Energy Transfer and Light Tolerance Studies in a Fluorescent Tandem Phycobiliprotein Conjugate

Abstract

Light harvesting and energy transfer between allophycocyanin (APC) and a tandem conjugate dye was investigated using single-molecule recrossings in the probe volume. By comparing saturation irradiance and recrossing events of APC and the tandem conjugate Streptavidin Allophycocyanin-AlexaFluor-680 (APC-680), it was demonstrated that the light tolerance and photostability of APC-680 were improved over APC. This improvement was due to conjugating a tandem dye to APC, which provided an alternative pathway for energy transfer. This additional pathway decreases photobleaching and triplet-state conversion.

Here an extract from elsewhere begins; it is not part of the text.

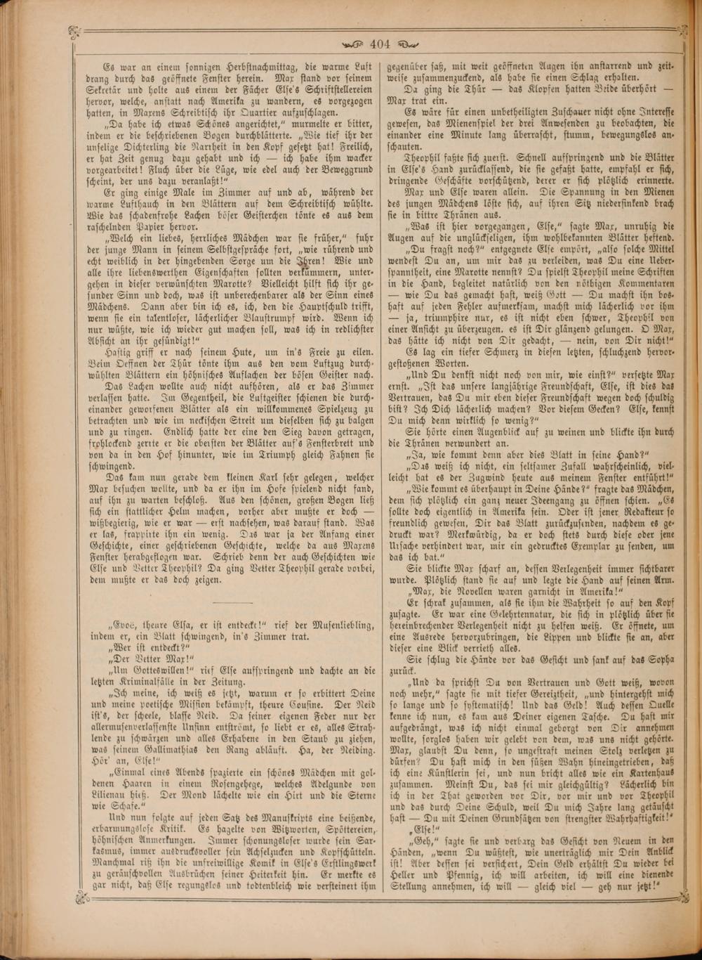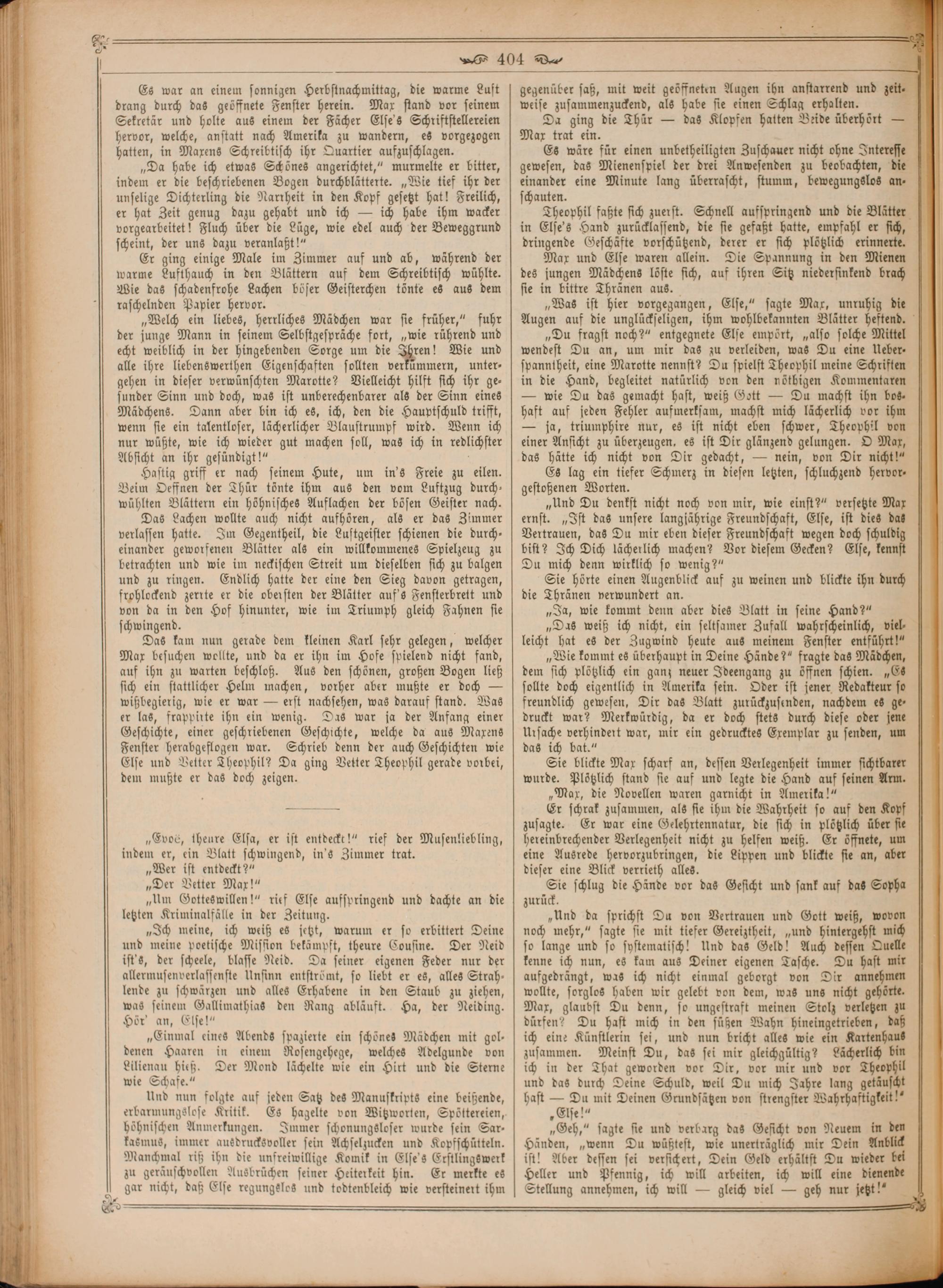 Das kam nun gerade dem kleinen Karl sehr gelegen, welcher Max besuchen wollte, und da er ihn im Hofe spielend nicht fand, auf ihn zu warten beschloß. Aus den schönen, großen Bogen ließ sich ein stattlicher Helm machen, vorher aber mußte er doch— wißbegierig, wie er war— erst nachsehen, was darauf stand. Was er las, frappirte ihn ein wenig. Das war ja der Anfang einer Geschichte, einer geschriebenen Geschichte, welche da aus Maxens Fenster herabgeflogen war. Schrieb denn der auch Geschichten wie Else und Vetter Theophil? Da ging Vetter Theophil gerade vorbei, dem mußte er das doch zeigen.

In this study, the average fluorescence intensity at different laser powers was calculated from extracted signal peaks. Saturation irradiance was determined by interpolating the average intensity as a function of excitation power. By comparing the saturation irradiance of APC and APC-680, it was demonstrated that light tolerance was not significantly increased by having a small fluorophore covalently linked to the protein. The molecular recrossing method was used to determine triplet-state conversion and photobleaching effects. The number of molecules that were detected within 2 ms of each other was defined as the number of recrossing events (N(r)). The total number of molecules detected was defined as N(t). The normalized number of recrossings events (N(r)/N(t)) showed that energy transfer between APC and AlexaFluor-680 could reduce triplet-state formation of phycobiliproteins. In this case, the saturation irradiance was not improved, but the resistance to photobleaching and triplet-state conversion was improved.